The Slave Fortress at Fort Saint Louis.

Fine old color example of Raspe's map of the lower Senegal River, with plan of the Slave trading factory at Fort Saint-Louis and map of Saint-Louis Island, from his Schauplatz des Gegenwaertigen Kriegs . . .

The map was prepared following the conclusion of the Seven Year War, when the British captured Senegal and Fort Saint-Louis.

Saint-Louis Island, Senegal

A Wolof settlement at what is now known as Guet Ndar dates from around 1450 and was a meeting and departure point for Muslim pilgrims traveling to Mecca in Arabia.  Portuguese, Dutch, and English traders visited the area over the next two centuries but the first nearby colonial fortification was erected by the French in 1638 on Bocas Island.

Repeated flooding prompted the removal of the fort to the island known to locals as Ndar in 1659.  The island was uninhabited at the time, supposedly because the local people believed it to be haunted by spirits.
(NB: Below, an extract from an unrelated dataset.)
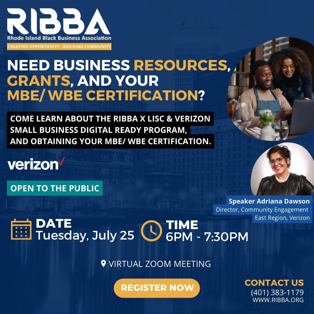 Do you need business resources, grants, and/or your Minority Business Enterprise or Women Business Enterprise (MBE/ WBE) Certification? Are you open to scaling your business but don't know where to start? Join us Tuesday, July 25th from 6PM - 7:30PM to learn about the resources available to Rhode Island small business owners.

The Diagne of Sor, the local leader, permitted French settlement on the island for annual payments of "three pieces of blue cloth, a measure of scarlet cloth, seven long iron bars, and 10 pints of eau de vie."

The fortification permitted a French factory to command foreign trade along the Senegal River. Slaves, hides, beeswax, ambergris and, later, gum Arabic were exported. During the Seven Years' War, British forces captured Senegal in 1758. In February 1779, French forces recaptured Saint-Louis. In the late 18th century, Saint-Louis had about 5,000 inhabitants, not counting an indeterminate number of slaves in transit.

Between 1659 and 1779, nine chartered companies succeeded one another in administering Saint-Louis. As in Gorée, a Franco-African Creole, or Métis, merchant community characterized by the famous "signares", or bourgeois women entrepreneurs, grew up in Saint-Louis during the 17th and 18th centuries.